- [Materials provided]
------------------------------------------------------------------------
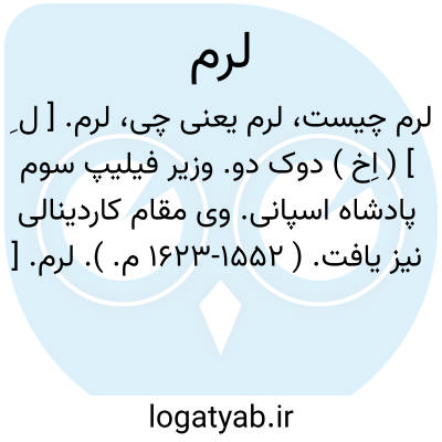 لرم. [ ل ِ ] ( اِخ ) دوک دو. وزیر فیلیپ سوم پادشاه اسپانی. وی مقام کاردینالی نیز یافت. ( 1552-1623 م. ).
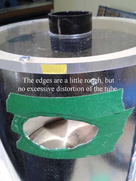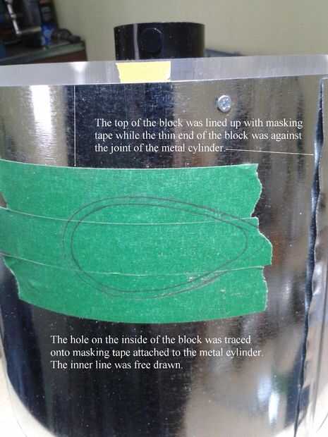 Una vez que la curvatura era correcta, cinta de enmascarar fue lugar en el cilindro de la distancia correcta de la parte superior del cilindro. El bloque fue colocado correctamente sobre el cilindro y el orificio de la tubería trazada en la cinta de enmascarar. Teniendo en cuenta el espesor de la pared del tubo, el contorno para cortar fue dibujado dentro de la línea trazada a mano.
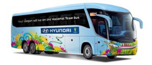 Hyundai ha consegnato i 32 autobus che accompagneranno le squadre di calcio durante gli spostamenti. Tutti gli autobus saranno decorati con i colori di ciascuna Nazionale e con gli slogan vincitori del contest internazionale Be There with Hyundai, pensato per invitare i fan di tutto il mondo a proporre claim personalizzati per i bus ufficiali delle squadre partecipanti alla Coppa del Mondo.
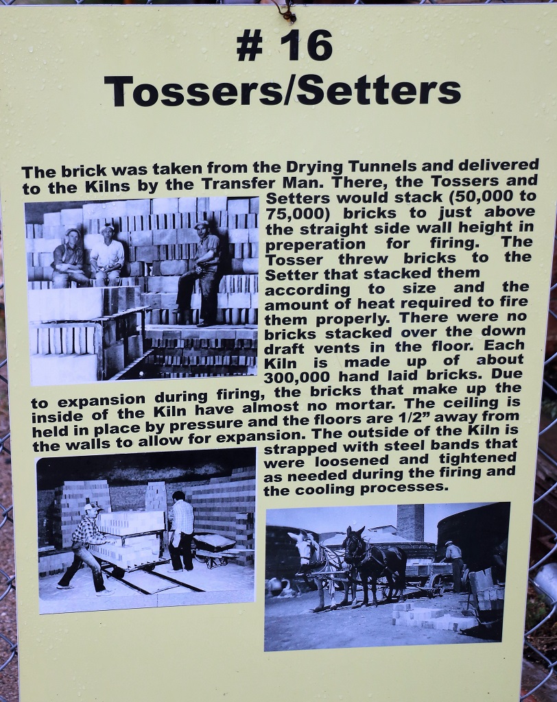 All of these sign boards used to be located within the various buildings to describe what went on in each place to make the bricks. Now that the property is gated they were hung in the one place.
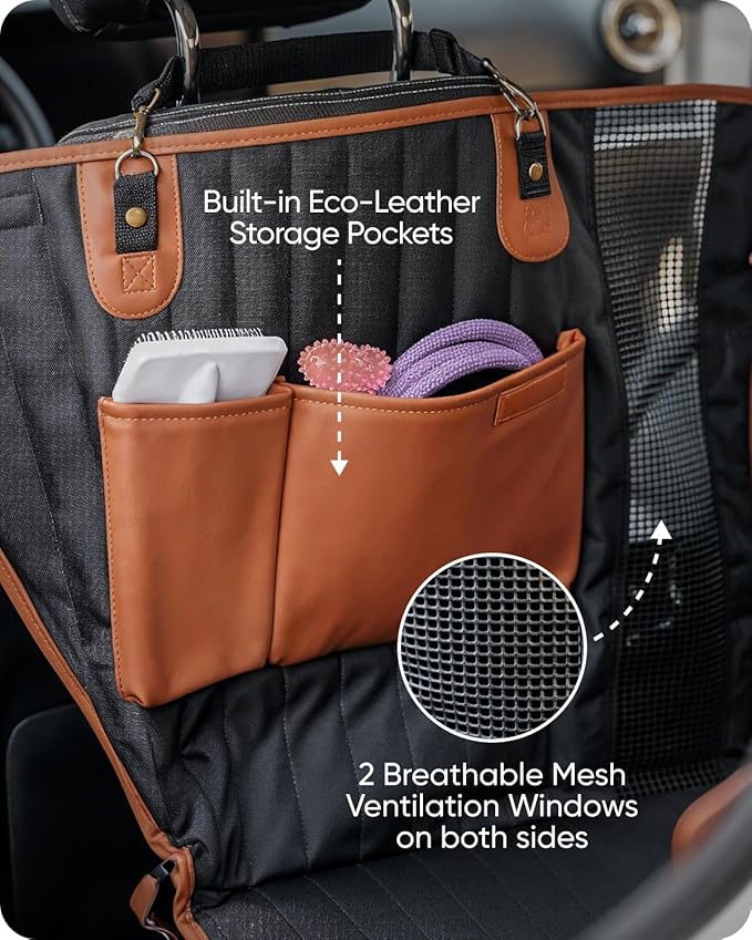 - SUPER STURDY DESIGN: Our backseat extender for dogs is crafted with waterproof 600D Oxford. Back seat pet cover for dogs is upgraded with eco-leather, and metal fastenings. Dog hammock with hard bottom - Owleys back seat cover for dogs it is durable to offer the ultimate protection!
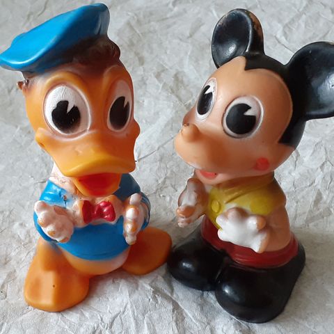 Myydään kaksi vintage Disney figuuria: Aku Ankka ja Minni Hiiri. 1970-luvulta. Korkeus noin 16cm. Yhteishintaan 40e.
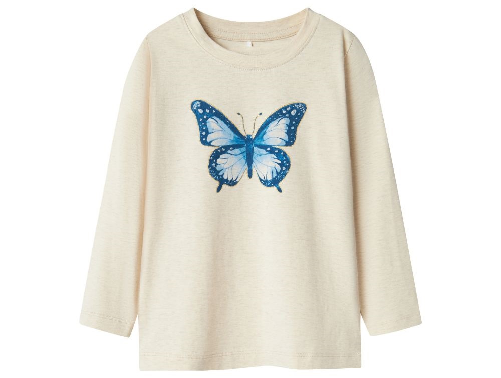 Blød og strækbar t-shirt med lange ærmer i en meleret beige nuance. Toppen har et flot print af en sommerfugl i blå nuancer med guldglitterdetaljer.
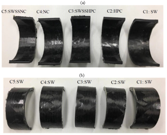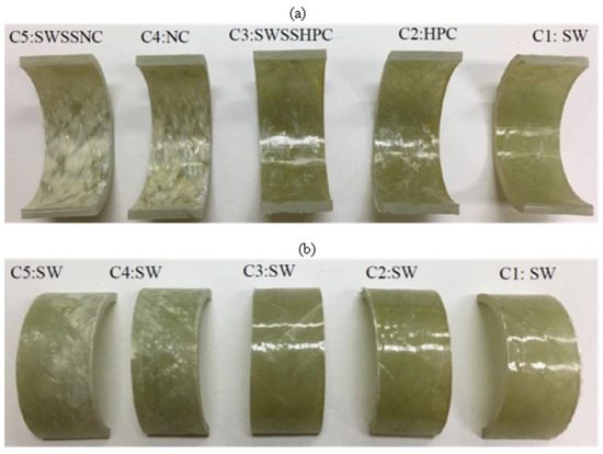 After the 6-month exposure to C4 (NC internally and SW externally) and C5 (SWSSNC internally and SW externally), the inner surface of BFRP (Figure 4) and GFRP (Figure 5) exposed to the higher alkalinity solutions (i.e., NC, SWSSNC) had turned brighter and rougher, whereas only slight surface changes were observed on the outer surface of the tubes. Tubular specimens exposed to C1 (SW internally as well as externally), C2 (HPC internally and SW externally) and C3 (SWSSHPC internally and SW externally) did not exhibit any distinguishable surface changes. Regarding CFRP tubular specimens, the lustre and colour of both exposure surfaces largely remained unchanged, irrespective of the solution combinations they were exposed to (Figure 6).
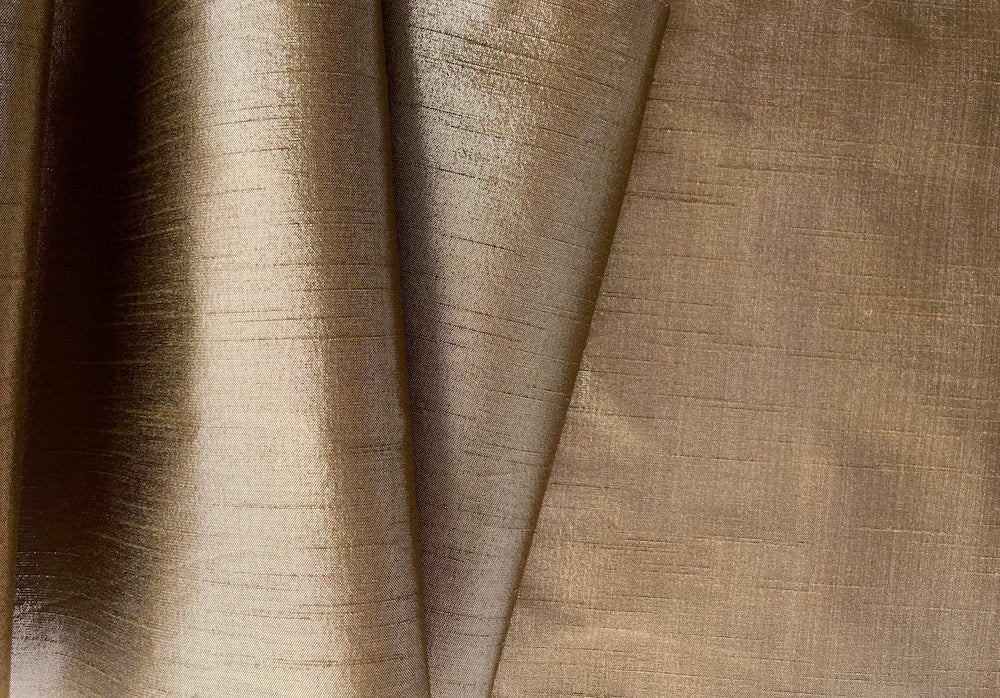 A crisp polyester dupioni in metallic antique bronze - this slubbed and subtle dupioni is perfect for structured garments including party frocks, jackets, skirts, costumes, home decorating, and tops. 100% polyester. 54" wide.
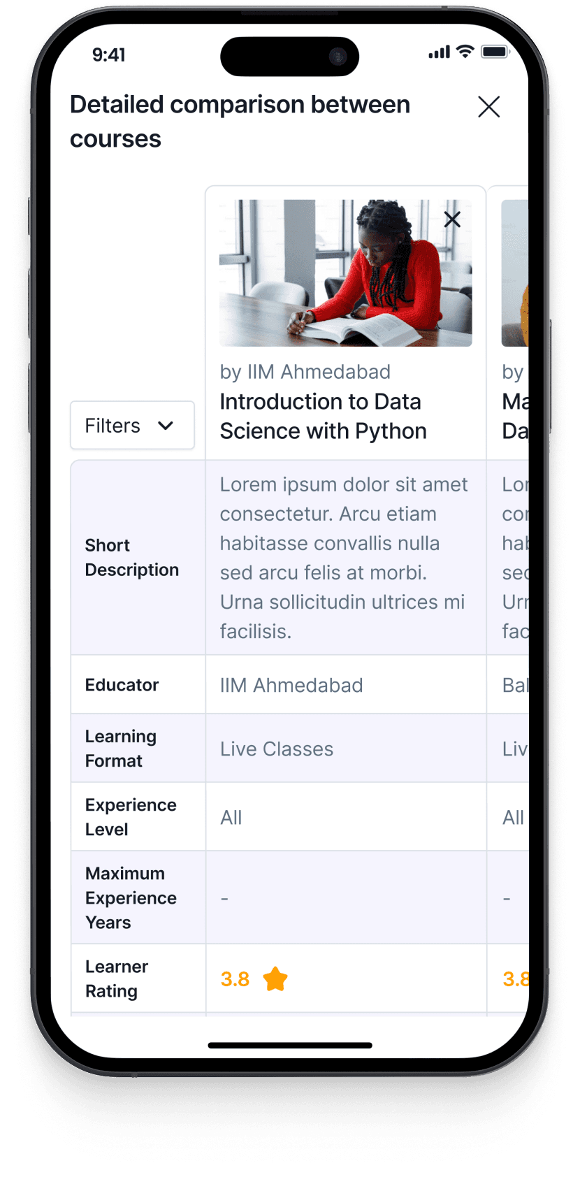 Simplify Course Discovery: Incorporated intuitive filters, categories, and recommendations to help users find the perfect course effortlessly.
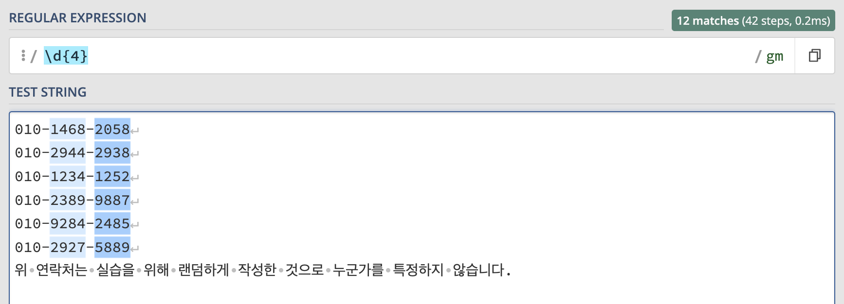 \d{4} 외에 아래와 같이 써도 동일한 결과를 얻을 수 있다.
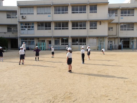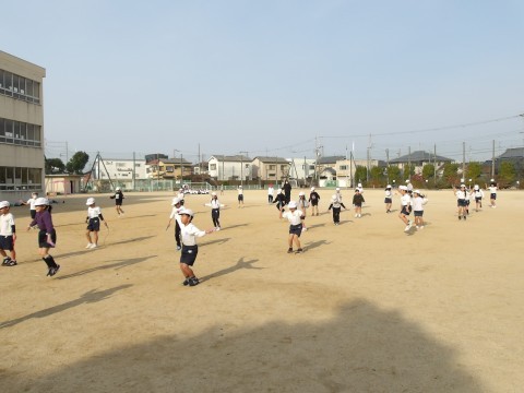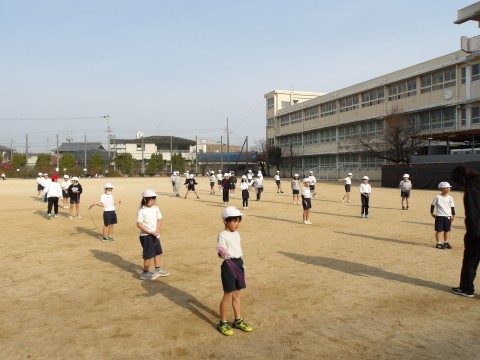 体育では,なわとび運動をに取り組んでいます。手首を上手に動かしてなわとびを回す練習をしてから,いろいろななわとびの技に挑戦します。
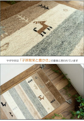そこで!もっと手軽に 『ギャべ緞通』を楽しんでいただきたい!! という思いで作られたのが、 この『インド・ギャべ緞通』です! 天然ウール100% ウール素材の中でも厳選された高品質ウール 「PURE NEW WOOL」を使用。
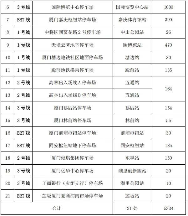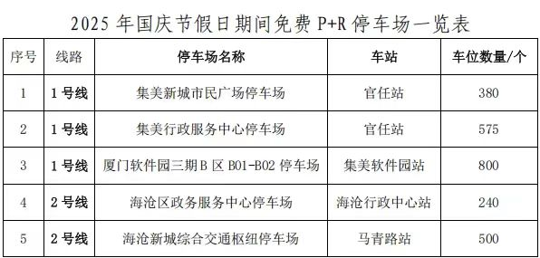 厦门市还布局21个免费p r停车场:本次国庆期间,全市共推出21个停车场、5334个车位,面向地铁换乘车主免费开放,覆盖厦门六区及线网各条线路。 用户可通过“厦门地铁”app、“厦门交通”小程序或“i车位”微信公众号完成一次登记后,即可使用停车换乘服务,国庆期间免费停车。
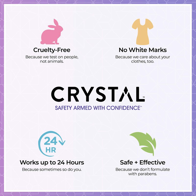 - CRYSTAL CLEAR INGREDIENTS: Crystal is the only deodorant brand to receive Clean Label Project Purity Award for ALL of our deodorants. We never use aluminum chloride, parabens, sulfates, phthalates artificial fragrances, or colors.
------------------------------------------------------------------------
- [Work order] Repeat the material above word for word but skip the images.

- [Exercise answer]
 لرم. [ ل ِ ] ( اِخ ) دوک دو. وزیر فیلیپ سوم پادشاه اسپانی. وی مقام کاردینالی نیز یافت. ( 1552-1623 م. ).
 Una vez que la curvatura era correcta, cinta de enmascarar fue lugar en el cilindro de la distancia correcta de la parte superior del cilindro. El bloque fue colocado correctamente sobre el cilindro y el orificio de la tubería trazada en la cinta de enmascarar. Teniendo en cuenta el espesor de la pared del tubo, el contorno para cortar fue dibujado dentro de la línea trazada a mano.
 Hyundai ha consegnato i 32 autobus che accompagneranno le squadre di calcio durante gli spostamenti. Tutti gli autobus saranno decorati con i colori di ciascuna Nazionale e con gli slogan vincitori del contest internazionale Be There with Hyundai, pensato per invitare i fan di tutto il mondo a proporre claim personalizzati per i bus ufficiali delle squadre partecipanti alla Coppa del Mondo.
 All of these sign boards used to be located within the various buildings to describe what went on in each place to make the bricks. Now that the property is gated they were hung in the one place.
 - SUPER STURDY DESIGN: Our backseat extender for dogs is crafted with waterproof 600D Oxford. Back seat pet cover for dogs is upgraded with eco-leather, and metal fastenings. Dog hammock with hard bottom - Owleys back seat cover for dogs it is durable to offer the ultimate protection!
 Myydään kaksi vintage Disney figuuria: Aku Ankka ja Minni Hiiri. 1970-luvulta. Korkeus noin 16cm. Yhteishintaan 40e.
 Blød og strækbar t-shirt med lange ærmer i en meleret beige nuance. Toppen har et flot print af en sommerfugl i blå nuancer med guldglitterdetaljer.
 After the 6-month exposure to C4 (NC internally and SW externally) and C5 (SWSSNC internally and SW externally), the inner surface of BFRP (Figure 4) and GFRP (Figure 5) exposed to the higher alkalinity solutions (i.e., NC, SWSSNC) had turned brighter and rougher, whereas only slight surface changes were observed on the outer surface of the tubes. Tubular specimens exposed to C1 (SW internally as well as externally), C2 (HPC internally and SW externally) and C3 (SWSSHPC internally and SW externally) did not exhibit any distinguishable surface changes. Regarding CFRP tubular specimens, the lustre and colour of both exposure surfaces largely remained unchanged, irrespective of the solution combinations they were exposed to (Figure 6).
 A crisp polyester dupioni in metallic antique bronze - this slubbed and subtle dupioni is perfect for structured garments including party frocks, jackets, skirts, costumes, home decorating, and tops. 100% polyester. 54" wide.
 Simplify Course Discovery: Incorporated intuitive filters, categories, and recommendations to help users find the perfect course effortlessly.
 \d{4} 외에 아래와 같이 써도 동일한 결과를 얻을 수 있다.
 体育では,なわとび運動をに取り組んでいます。手首を上手に動かしてなわとびを回す練習をしてから,いろいろななわとびの技に挑戦します。
そこで!もっと手軽に 『ギャべ緞通』を楽しんでいただきたい!! という思いで作られたのが、 この『インド・ギャべ緞通』です! 天然ウール100% ウール素材の中でも厳選された高品質ウール 「PURE NEW WOOL」を使用。
 厦门市还布局21个免费p r停车场:本次国庆期间,全市共推出21个停车场、5334个车位,面向地铁换乘车主免费开放,覆盖厦门六区及线网各条线路。 用户可通过“厦门地铁”app、“厦门交通”小程序或“i车位”微信公众号完成一次登记后,即可使用停车换乘服务,国庆期间免费停车。
 - CRYSTAL CLEAR INGREDIENTS: Crystal is the only deodorant brand to receive Clean Label Project Purity Award for ALL of our deodorants. We never use aluminum chloride, parabens, sulfates, phthalates artificial fragrances, or colors.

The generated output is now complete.